The client-cert-request utility no longer fails to create CSRs for ECC certificates

Previously, the generatePkcs10Request method in the Certificate System's client-cert-request utility failed to map the curve and length parameters. Consequently, the utility failed to create certificate signing requests (CSR) for Elliptic Curve Cryptography (ECC) certificates. The problem has been fixed. As a result, using client-cert-request for creating CSRs for ECC certificates works as expected. (BZ#1549632)

The pkiconsole utility no longer accepts ACLs with an empty expression

The Certificate System server rejects saving invalid access control lists (ACL). As a consequence, when saving an ACL with an empty expression, the server rejected the update and the pkiconsole utility displayed an StringIndexOutOfBoundsException error. With this update, the utility rejects empty ACL expressions. As a result, invalid ACLs cannot be saved and the error is no longer displayed. (BZ#1546708)

CMC CRMF requests using ECC keys work correctly

Previously, during verification, Certificate System encoded the ECC public key incorrectly in CMC Certificate Request Message Format (CRMF) requests. As a consequence, requesting an ECC certificate with Certificate Management over CMS (CMC) in CRMF failed. The problem has been fixed, and as a result, CMC CRMF requests using ECC keys work as expected. (BZ#1580394)

Installing Certificate System subsystems with ECC keys no longer fail

Previously, due to a bug in the Certificate System installation procedure, installing a Key Recovery Authority (KRA) with ECC keys failed. To fix the problem, the installation process has been updated to handle both RSA and ECC subsystems automatically. As a result, installing subsystems with ECC keys no longer fail. (BZ#1568615)
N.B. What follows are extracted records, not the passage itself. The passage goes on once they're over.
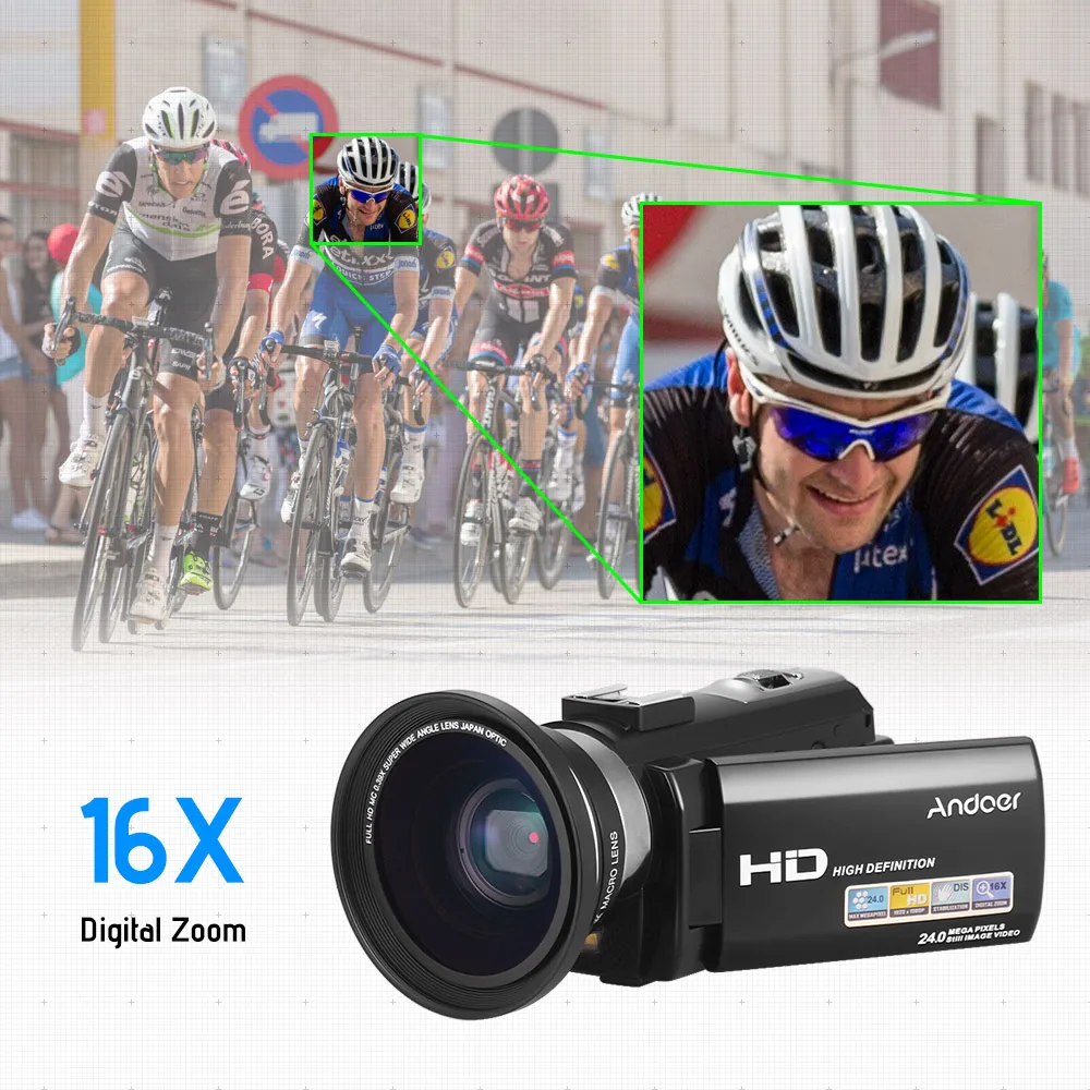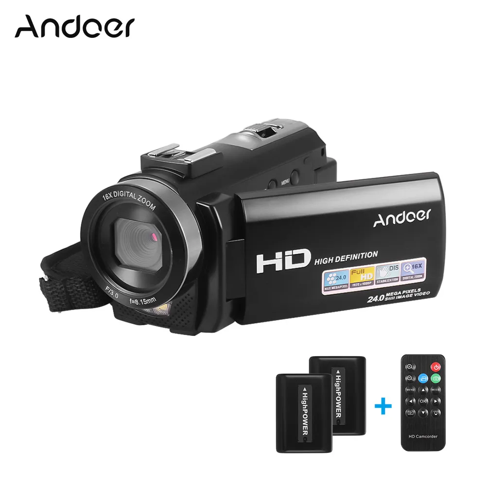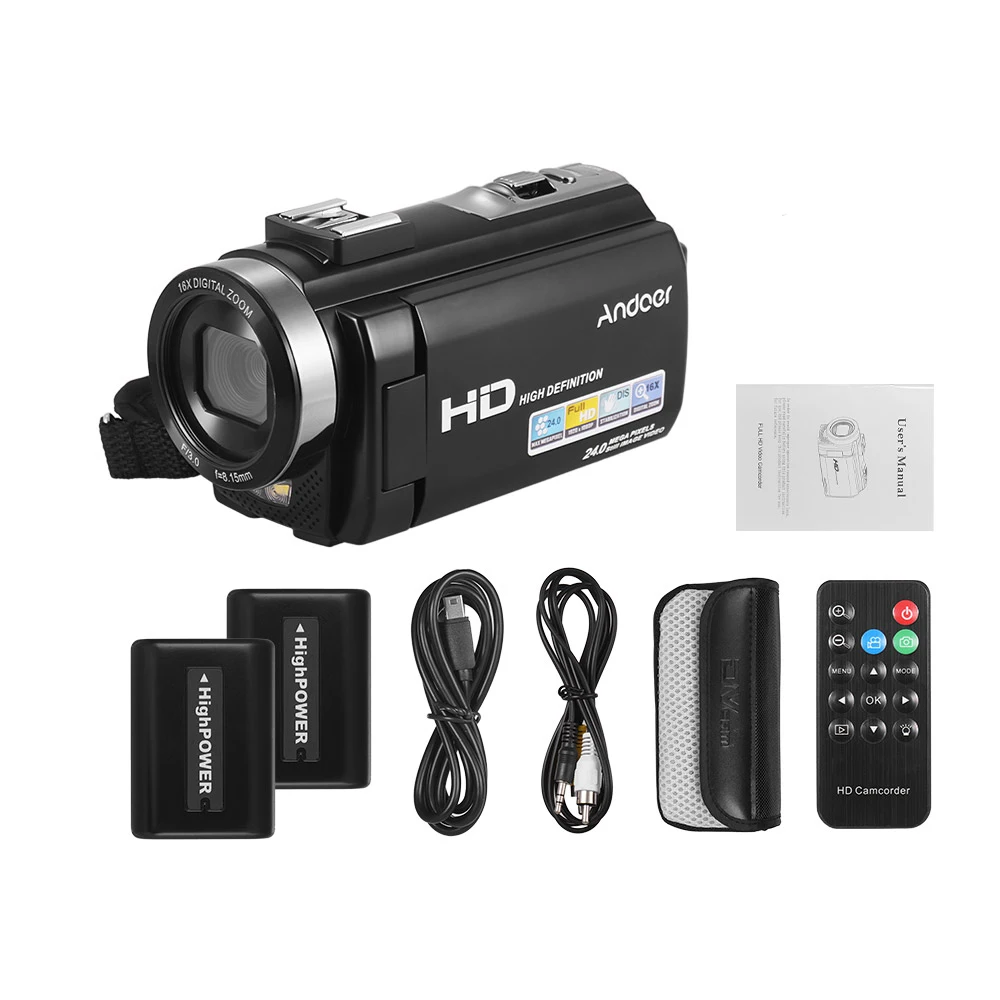 Andoer HDV-201LM 1080P FHD Цифровая видеокамера DV Recorder 24MP 16X цифровой зум 3,0 дюймовый ЖК-экран с 2 перезаряжаемыми батареями
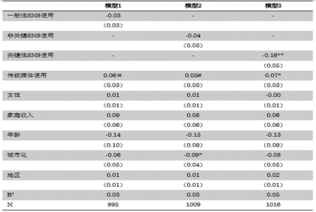 在得到图一的中介模型之前,我们首先将政治机构的信任建模为一般社交网络使用的函数(模型1)以及非政治和关键政治社交网络使用的函数(模型2);这两个模型都控制传统媒体的使用、性别、家庭收入、年龄、城市和地区。我们预计这两种情况都不会对社交媒体产生重大影响,因为作者的论点是,社交媒体对政治信任的影响及其最终对抗议的影响,取决于对关键/持不同政见者信息流的接触程度。模型3对此进行了测试;它在图一的中介模型的阶段1中表示。如果不信任在很大程度上源于关键的信息流,那么我们应该期待在这里产生的影响是显著和强烈的。
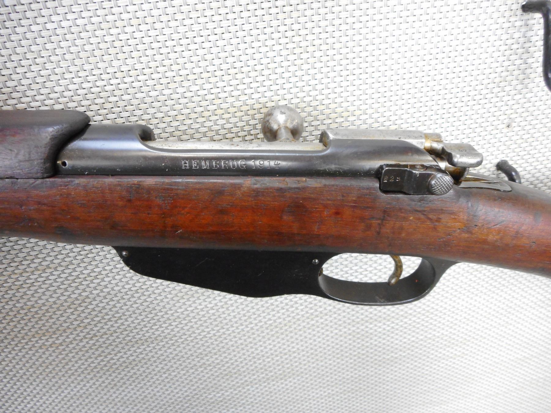 WWI ERA, MANNLICHER, MODEL: 1895 DUTCH RIFLE , CALIBER: 6.5 X 53R MANNLICHER , DATED 1914, ARSENAL HEMBRUG, MISMATCHED SERIAL #'S, BORE IS GOOD, BLADE FRONT AND ADJUSTABLE REAR SIGHTS, RETAIN FULL MILITARY CONFIGURATION, SLING SWIVEL LOOPS, STEEL BUTT PLATE, SHOWS SOME HANDLING MARKS , ACTION: BOLT ACTION RIFLE , BARREL LENGTH: 32" , CONDITION: 6/10 , STOCK # 9256 , SERIAL # 6947 , CLASS: CANADIAN NON RESTRICTED CLASS

Directory Server clients are no longer randomly restricted by anonymous resource limits

Previously, Directory Server did not remember when the first operation, bind, or a connection was started. As a consequence, the server applied in certain situations anonymous resource limits to an authenticated client. With this update, Directory Server properly marks authenticated client connections. As a result, it applies the correct resource limits, and authenticated clients no longer get randomly restricted by anonymous resource limits. (BZ#1515190)

Thread processing in Directory Server has been serialized

On an incoming replicated session, a replicated operation must only be processed when the previous one is completed. In certain situations, the thread which processed the start session operation continued to read and process replicated operations. Consequently, two replicated operations ran in parallel that led to inconsistencies, such as an completed child add operation before the parent entry was added. With this update, the thread processing the start session operation no longer processes further operations, even if some are available in the read buffer. As a result, the inconsistencies no longer occur in the mentioned scenario. (BZ#1552698)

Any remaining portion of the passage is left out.